*Records to process*.

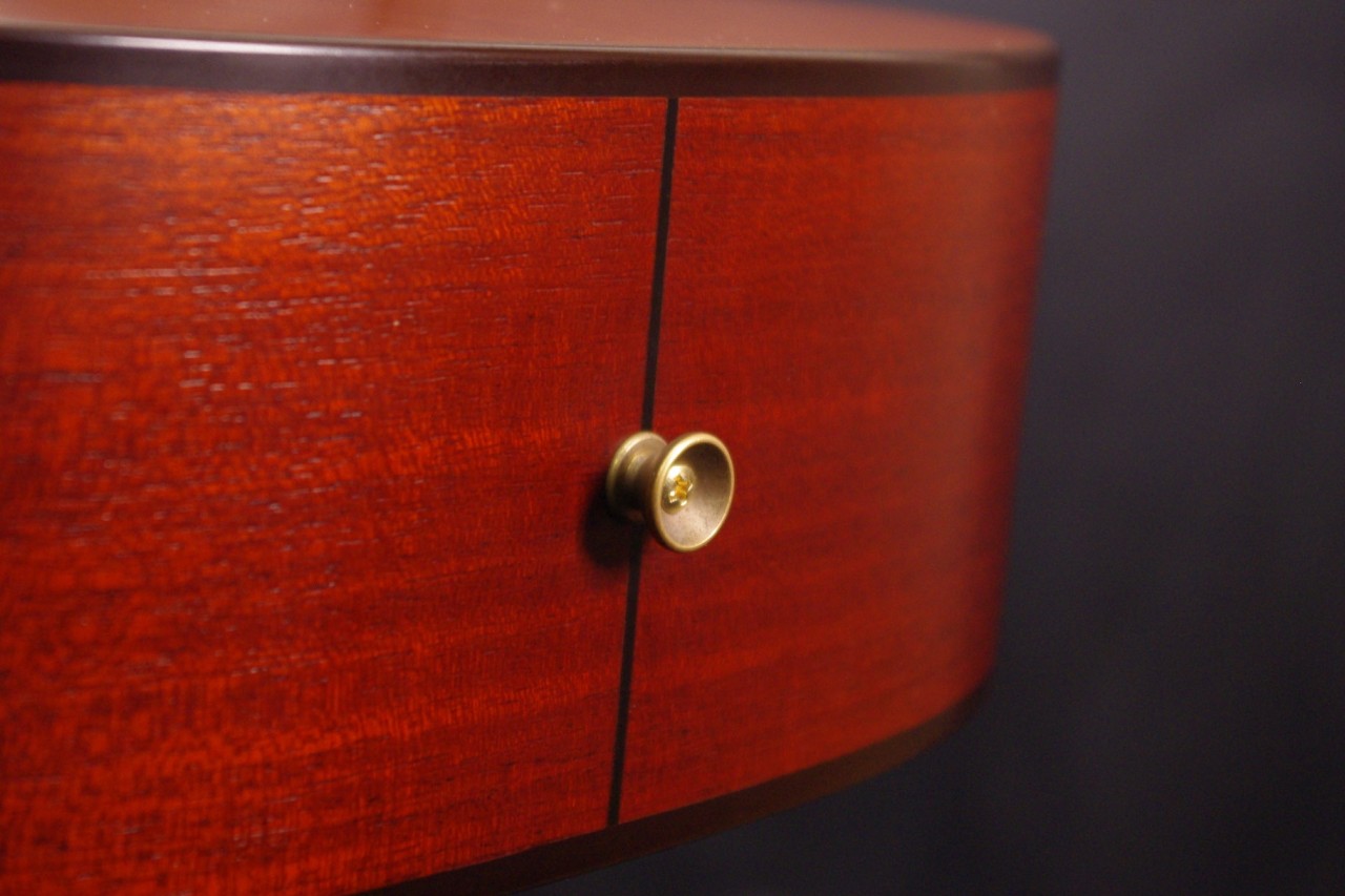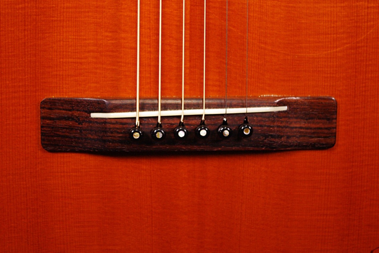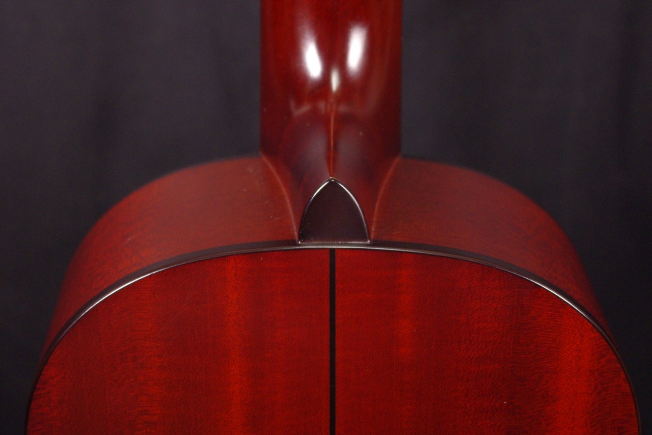 トップ スプルース単板、サイドバック マホガニー合板、指板・ブリッジ ローズウッド、ネック マホガニー、オリジナルK.YAIRIペグ、オリジナルピックガード、Xブレーシング、ロングサドル、14フレットジョイント、
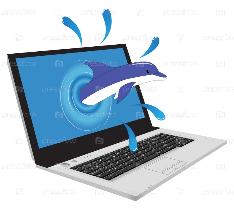 Дельфин и ноутбук
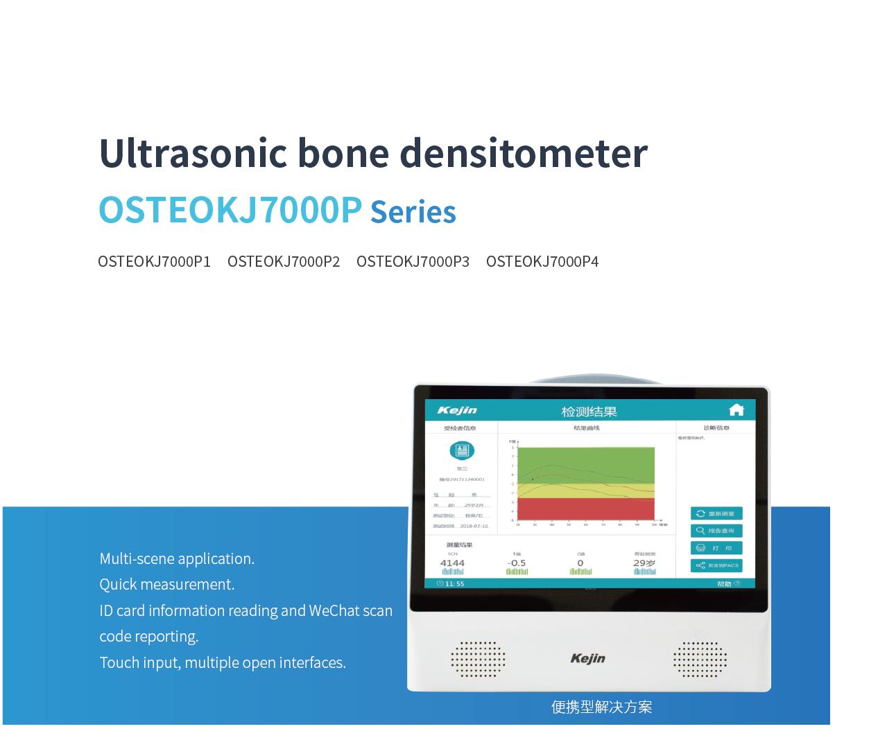 OSTEOKJ7000P Series Portable BMD is a portable solution launched by Kejin. It uses axial reflection technology to measure the speed of sound (SOS) along the direction parallel to the patella or phalanx, and calculates a set of parameters to reflect bone quality.
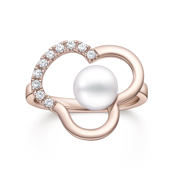 18K櫻花金鑲鑽及阿古屋珍珠戒指,NTD 121,000
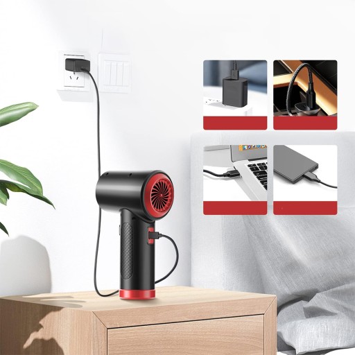 - Ten oczyszczacz sprężonego powietrza jest wyposażony w akumulator o dużej pojemności 6000 mAh, który można ładować przez USB, co pozwala na bezprzewodowe działanie. Pełne naładowanie zapewnia do 40 minut ciągłej pracy, zapewniając doskonałą przenośność.
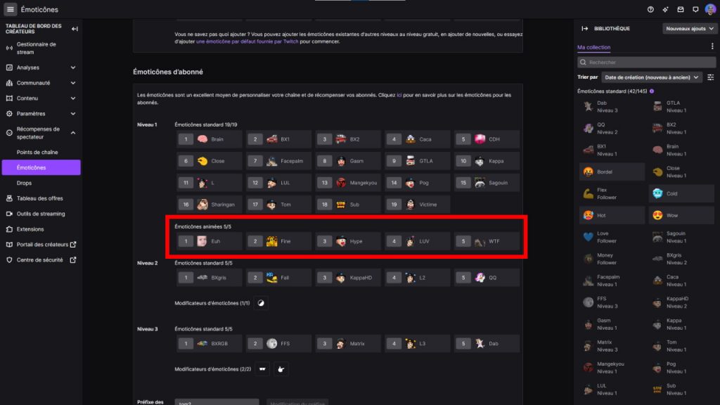 Je passe sur le fait que vous pouvez trouver des GIF assez facilement en faisant une recherche sur Google ou autre, là on va partir du principe que vous avez déjà quelques émotes classiques sur votre chaîne. Twitch propose donc d’animer vos émotes, pour ça il suffit d’aller dans votre tableau de bord → Récompenses des spectateurs → Émoticônes, et là vous pourrez voir une section réservées aux émotes animées.
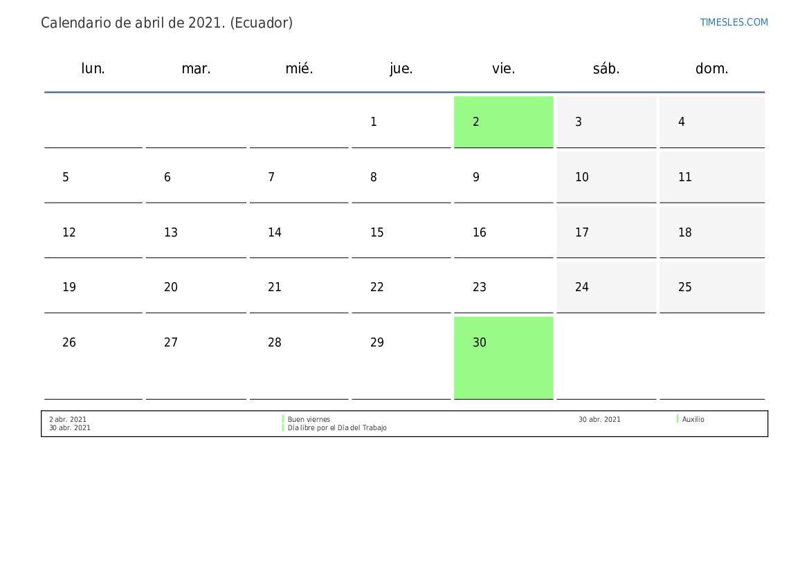 Calendario de feriados y fines de semana de abril de 2021 para Ecuador
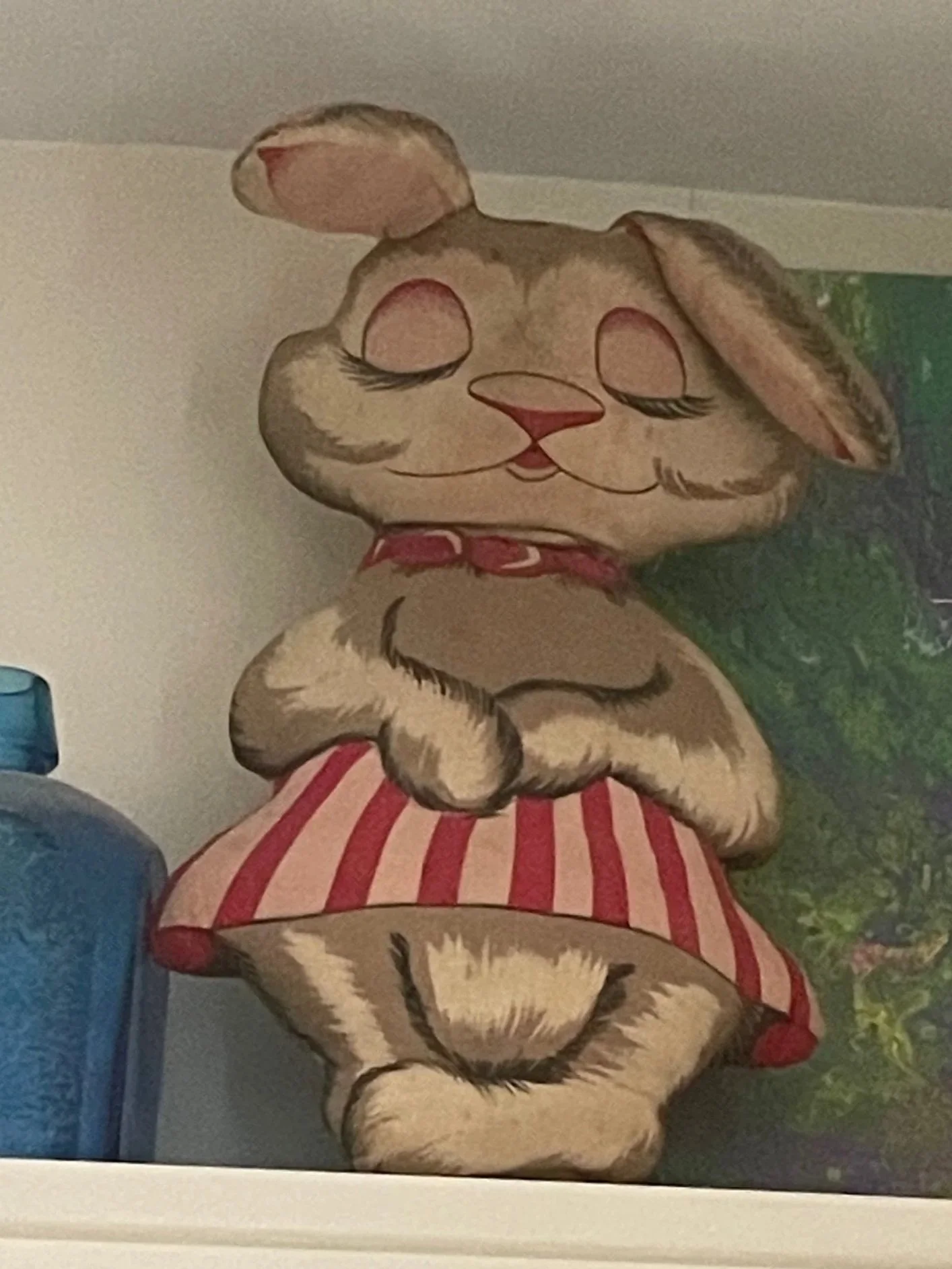 In my jewelry studio and office a printed stuffed rabbit sits high on a shelf looking over me. My Dad made her for me when I was 2 and he was in the hospital having half his stomach removed. He wanted me to have something to remember him by. She means the world to me. ( My Dad lived until I was 18 and I miss him dearly to this day.

*Requirement*.
Please copy the lines above exactly, starting at the line that holds "- Ten oczyszczacz" and ending at the line that holds "Calendario de feriados"; include both, but no pictures.

*Answer box*.
 - Ten oczyszczacz sprężonego powietrza jest wyposażony w akumulator o dużej pojemności 6000 mAh, który można ładować przez USB, co pozwala na bezprzewodowe działanie. Pełne naładowanie zapewnia do 40 minut ciągłej pracy, zapewniając doskonałą przenośność.
 Je passe sur le fait que vous pouvez trouver des GIF assez facilement en faisant une recherche sur Google ou autre, là on va partir du principe que vous avez déjà quelques émotes classiques sur votre chaîne. Twitch propose donc d’animer vos émotes, pour ça il suffit d’aller dans votre tableau de bord → Récompenses des spectateurs → Émoticônes, et là vous pourrez voir une section réservées aux émotes animées.
 Calendario de feriados y fines de semana de abril de 2021 para Ecuador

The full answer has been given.